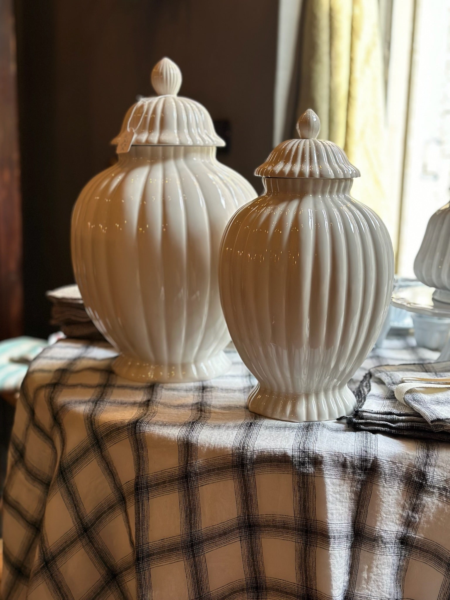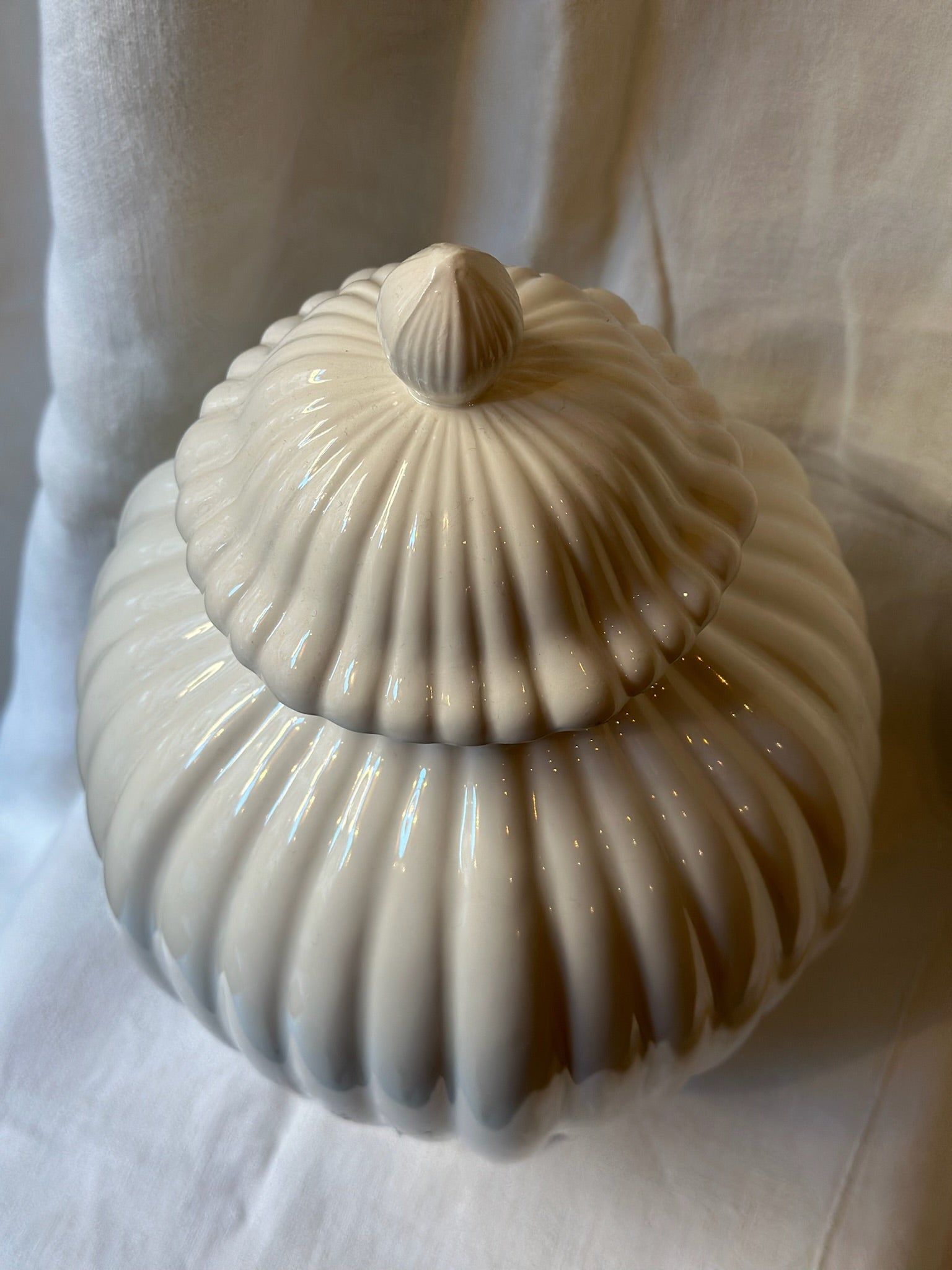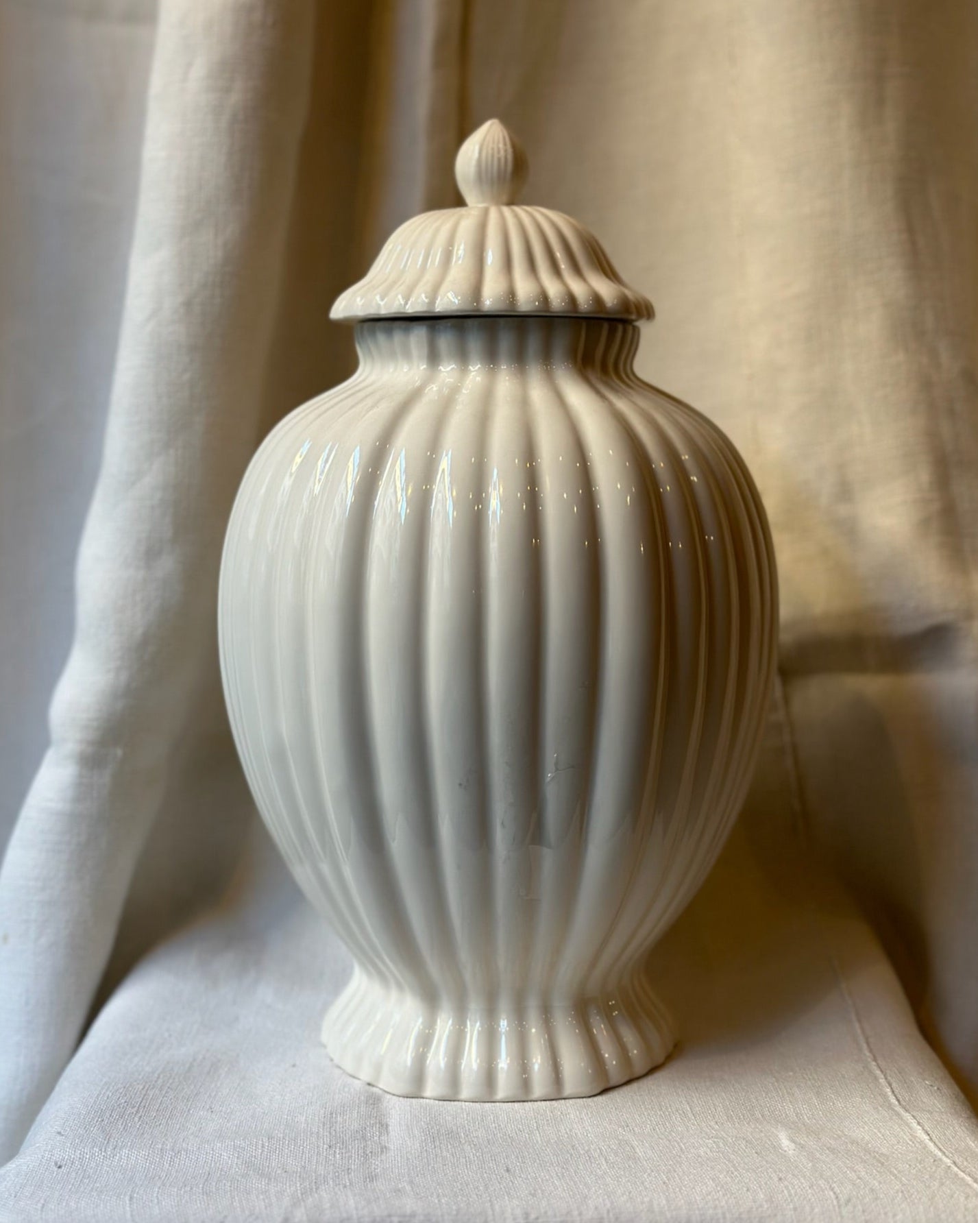 Discover timeless Italian craftsmanship with this exquisite ceramic jar, meticulously handmade in the heart of the Veneto region. Each piece begins with dark, locally sourced clay, skillfully shaped by artisan hands to achieve its elegant, sculptural form. The jar is then finished with a luminous white coating, creating a striking contrast that highlights its refined ridges and soft curves.
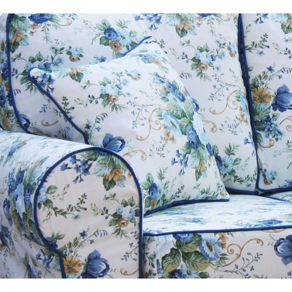 Rosaly 206 - Sofa w Stylu Prowansalskim z Niebieskimi Kwiatami
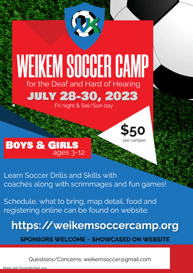 WeiKem Soccer Camp will provide an unified, positive soccer experience where an individual can learn the sport and be on the same “level playing field” as others that are deaf and hard of hearing.
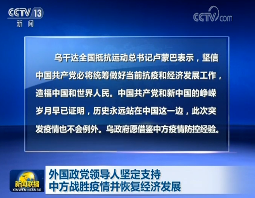 烏干達(dá)全國(guó)抵抗運(yùn)動(dòng)總書(shū)記盧蒙巴表示,堅(jiān)信中國(guó)共產(chǎn)黨必將統(tǒng)籌做好當(dāng)前抗疫和經(jīng)濟(jì)發(fā)展工作,造福中國(guó)和世界人民。中國(guó)共產(chǎn)黨和新中國(guó)的崢嶸歲月早已證明,歷史永遠(yuǎn)站在中國(guó)這一邊,此次突發(fā)疫情也不會(huì)例外。烏政府愿借鑒中方疫情防控經(jīng)驗(yàn)。
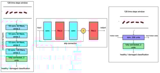 On the left—convolutional neural network architecture Conv, in the middle—the scheme of the residual block of the network ResNet and on the right—the architecture of the recurrent neural network LSTM.
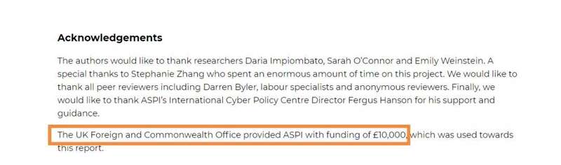 ▲英国外交和联邦事务部为ASPI提供了10000英镑的资金支持
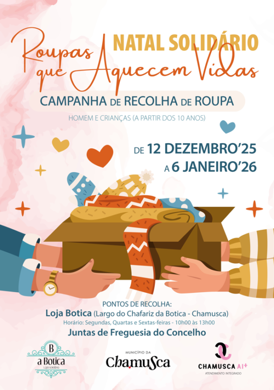 O Município da Chamusca, através da Loja Solidária “A Botica”, tem a decorrer a campanha “Natal Solidário: Roupas que Aquecem Vidas”, uma iniciativa que pretende reforçar o apoio social às famílias mais vulneráveis do concelho durante esta época festiva.
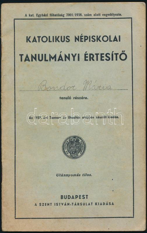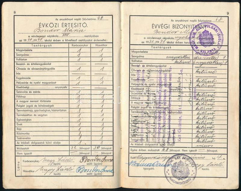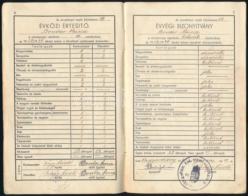 1939-1941 A felvidéki Magyardiószeg (ma Diószeg városrésze) katolikus népiskolai tanulmányi értesítője, három évi tantárgyi eredménnyel kitöltve Bondor Mária rézére, jó állapotban
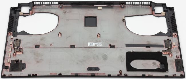 Нижняя панель корпуса выполнена из обычного чёрного матового пластика. На нижней панели нет никаких вентиляционных отверстий, но есть прорезиненная полоска, которая обеспечивает устойчивое положение ноутбука на горизонтальной поверхности.
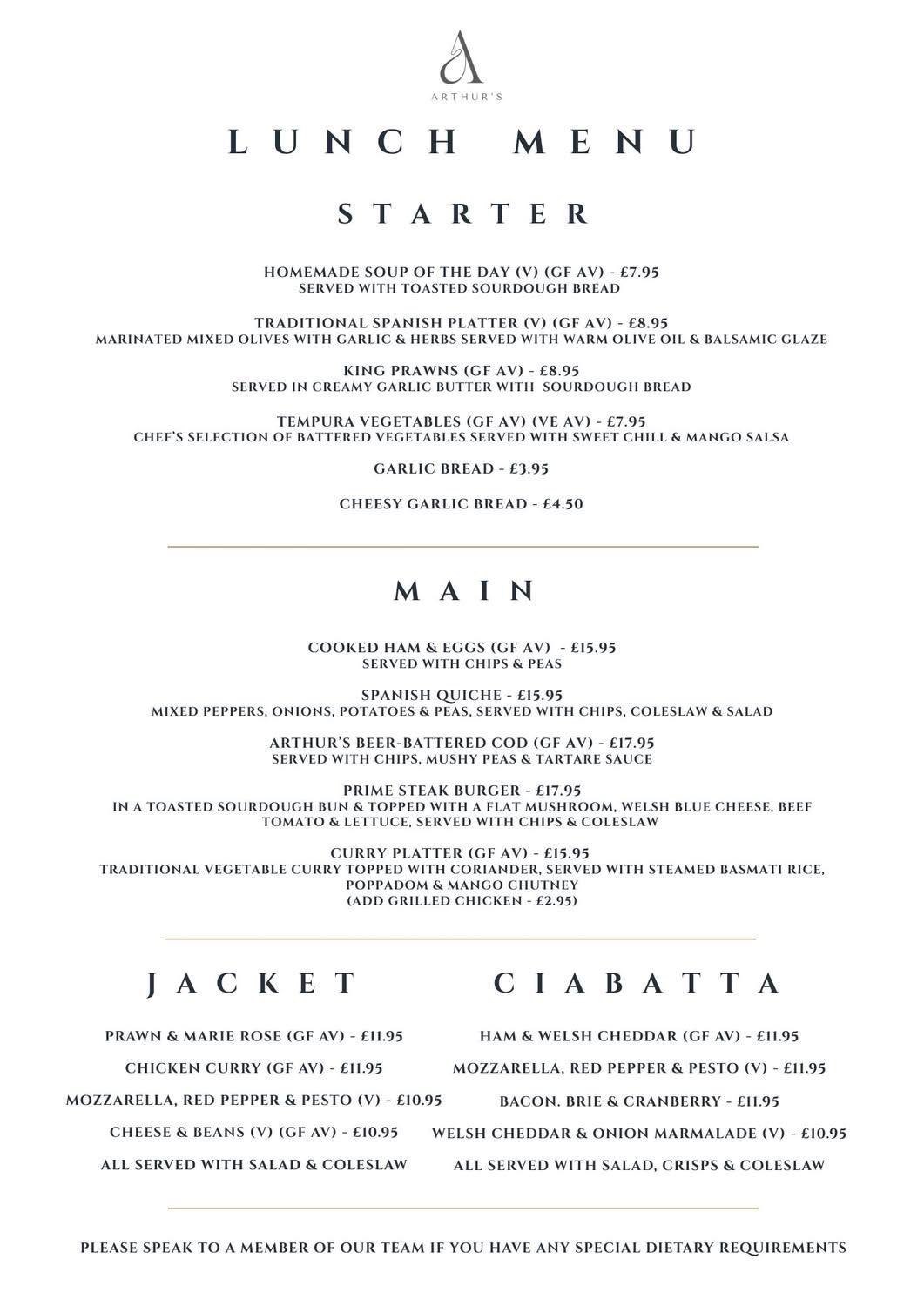with Lunch Menu served from 12.00-2.30pm
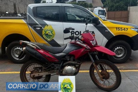 A motocicleta, Honda/NXR 150, Bros, cor vermelha, ano 2011, foi recolhida e encaminhada à sede da Companhia da Polícia Militar para registro da ocorrência.
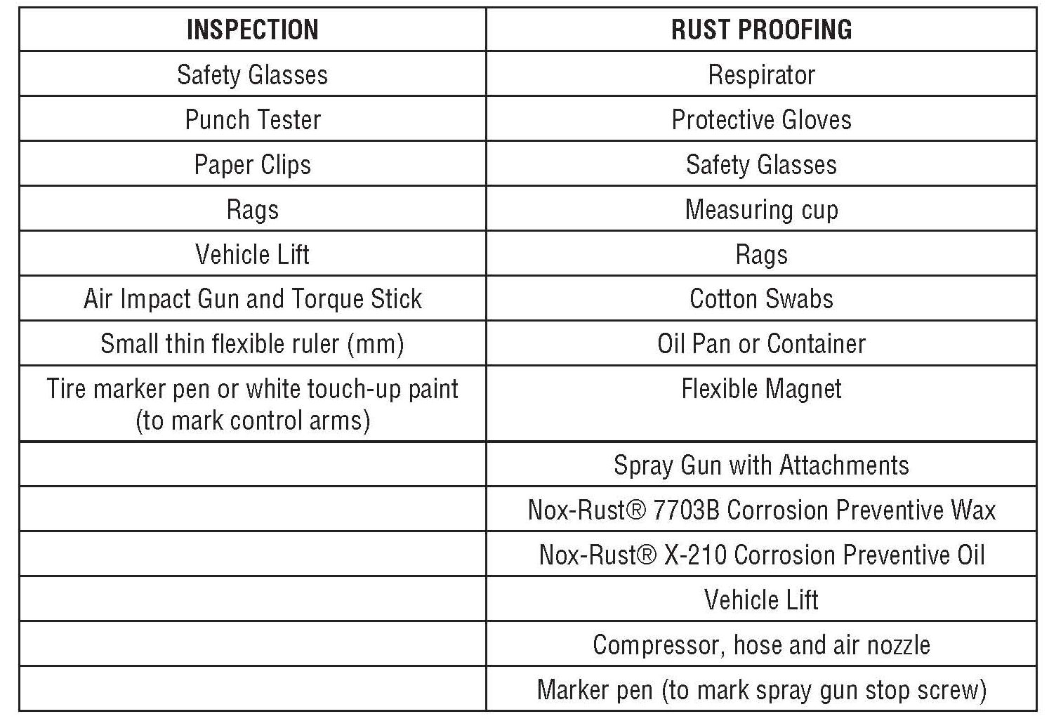 The inspection will require checking for rust perforation of the right and left hanger bracket portion of the front lower control arms.
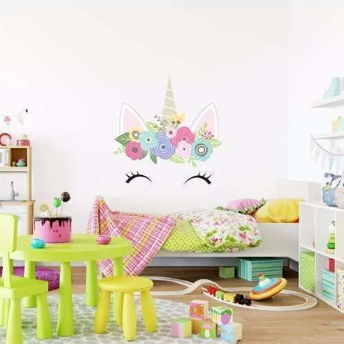 El Kit de vinilo UNICORNIO PASTEL viene troquelado, listo para pegar donde quieras (paredes, muebles, electrodomésticos) Medida armado : 83 x 85 cm. Vos recibís una plancha de 1 metro x 70 cm, con la que transferís facilmente el Unicornio donde querés. viene el cuerno, orejas y flores por un lado y los ojos aparte (ver la imagen 6) Vinilizá tu cuarto, tu casa, tu vida! PREGUNTAS FRECUENTES: * Tenes stock? si, siempre hay, porque los producimos a pedido, tardamos máximo 5 días hábiles! * Se puede cambiar un color? si, pero puede demorar un poco más... * Lo puedo aplicar en cualquier lado? si, si la superficie es bien lisa, pueden ser paredes si estan pintadas con pintura plástica, nunca rugosas, puertas, muebles laqueados, electrodomésticos, vidrios... * Es fácil de pegar? si, muy fácil! es como un sticker.
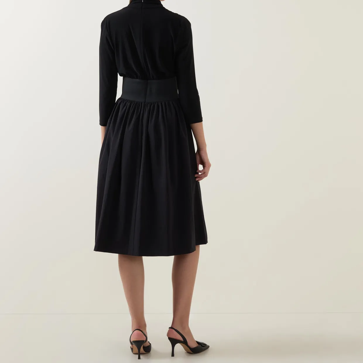 - Wrap-style bodice, V-neckline, three-quarter length sleeves, rear zip fastening, fitted through the waist, integrated belt with rear elasticated design and buckle detail, full flared skirt, straight hem, midi length, smooth finish
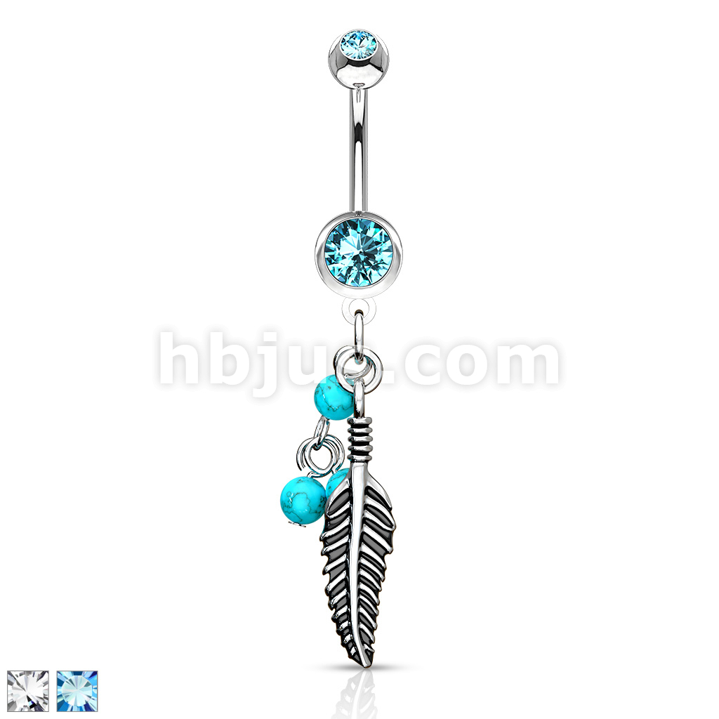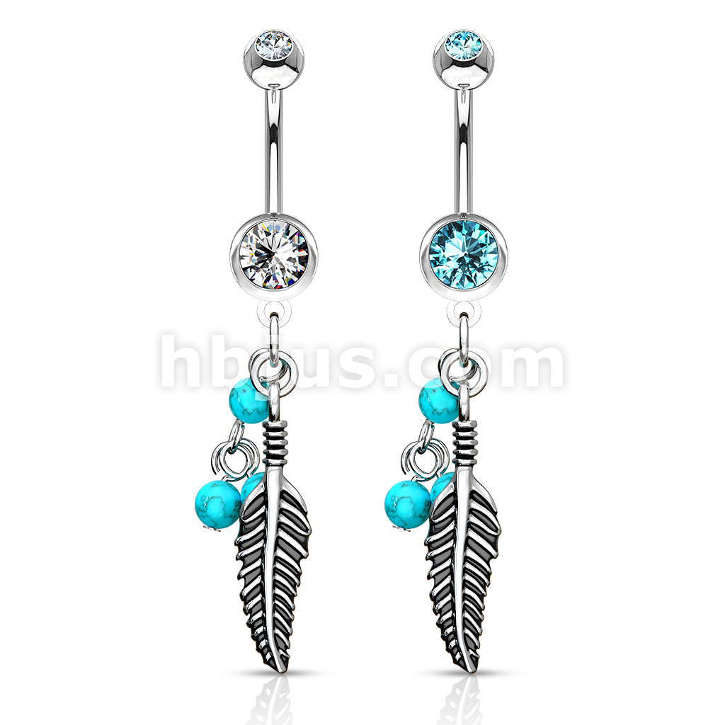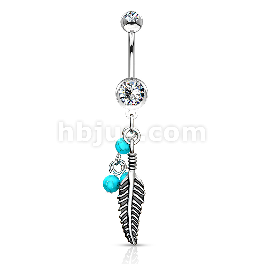 316L Surgical Steel Feather Dangle With Blue Turquoise Semi Precious Stone Beads Navel Ring

== Problem details ==
Pictures excluded, give again exactly and only the lines of the material above from the line with "with Lunch Menu served from 12.00-2.30pm" through the line with "The inspection will".

== Response ==
with Lunch Menu served from 12.00-2.30pm
 A motocicleta, Honda/NXR 150, Bros, cor vermelha, ano 2011, foi recolhida e encaminhada à sede da Companhia da Polícia Militar para registro da ocorrência.
 The inspection will require checking for rust perforation of the right and left hanger bracket portion of the front lower control arms.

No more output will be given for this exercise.